Michal Švehla (born 7 February 1987), known as Majself, is a Slovak rapper and musician. He was born in Bratislava, Czechoslovakia.

==Career==
Majself won the Vytiahni sov majk television competition of Musiq1 in 2010. In 2012, he released his first mixtape "Číslo 7 žije" which featured Separ, Plexo, Rasco, and Wuty.

Majself released the studio album Eden in 2015, which inspired by the artist's life, when his childhood friend fell into hard drugs at a young age, had a car accident and ended up in a rehabilitation center. However, she recovered and her story is featured as an inspiration for people not to give up.

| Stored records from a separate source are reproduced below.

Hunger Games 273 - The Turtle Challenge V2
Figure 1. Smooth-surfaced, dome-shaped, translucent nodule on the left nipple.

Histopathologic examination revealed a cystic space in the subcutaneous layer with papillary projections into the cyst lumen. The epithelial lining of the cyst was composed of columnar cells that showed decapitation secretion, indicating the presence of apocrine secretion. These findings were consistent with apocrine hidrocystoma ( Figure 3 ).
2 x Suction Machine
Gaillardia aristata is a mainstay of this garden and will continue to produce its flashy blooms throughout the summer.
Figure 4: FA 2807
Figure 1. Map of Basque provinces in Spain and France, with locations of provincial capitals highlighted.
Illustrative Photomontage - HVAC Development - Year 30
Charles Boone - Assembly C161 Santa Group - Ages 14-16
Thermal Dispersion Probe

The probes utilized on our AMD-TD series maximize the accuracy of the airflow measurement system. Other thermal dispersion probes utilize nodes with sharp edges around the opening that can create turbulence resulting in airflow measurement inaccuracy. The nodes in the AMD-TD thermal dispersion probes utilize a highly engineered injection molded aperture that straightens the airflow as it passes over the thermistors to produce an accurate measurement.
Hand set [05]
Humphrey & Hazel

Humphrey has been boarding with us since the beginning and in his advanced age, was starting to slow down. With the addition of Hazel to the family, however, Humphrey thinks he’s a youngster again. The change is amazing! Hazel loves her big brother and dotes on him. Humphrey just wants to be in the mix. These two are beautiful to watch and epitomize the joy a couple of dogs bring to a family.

In May 2016, Majself collaborated with Grizzly and released the album Neptun. It contains seven songs including collaborations with Kali; "Iný", on which Plexo also participated, or "What do you want more" with Kali and Separ.

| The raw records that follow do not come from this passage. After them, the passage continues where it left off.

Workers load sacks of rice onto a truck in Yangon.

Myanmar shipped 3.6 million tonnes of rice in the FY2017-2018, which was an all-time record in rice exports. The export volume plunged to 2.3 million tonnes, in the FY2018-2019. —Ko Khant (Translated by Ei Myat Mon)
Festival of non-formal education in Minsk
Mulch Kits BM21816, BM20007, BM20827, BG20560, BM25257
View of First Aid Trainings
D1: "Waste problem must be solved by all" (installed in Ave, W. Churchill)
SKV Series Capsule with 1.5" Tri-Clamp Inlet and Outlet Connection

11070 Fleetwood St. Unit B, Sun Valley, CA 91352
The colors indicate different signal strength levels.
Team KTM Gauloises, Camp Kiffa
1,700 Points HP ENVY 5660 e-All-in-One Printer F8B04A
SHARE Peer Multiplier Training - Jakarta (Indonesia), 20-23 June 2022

After a two-year hiatus, Majself released his first multi-genre album, Romeo and Juliet, which centers on his relationship with his wife Júlia.

In 2023, Majself incorporated this influence into the song "Vibe", with a video shot in Prague under the baton of Czech director Randy Cold. The song "Na dne" was created in collaboration with rapper Kali and Czech musician Refew. The video was created under the supervision of the young Czech director Nikita Rublev.

==Personal life==
Majself has been fighting Crohn's disease since 2018 and is trying to raise awareness about this disease. He was one of the ambassadors of the Slovak Crohn Club. He regularly participates in charity events. Majself is married to Júlia Švehlová and they have one son.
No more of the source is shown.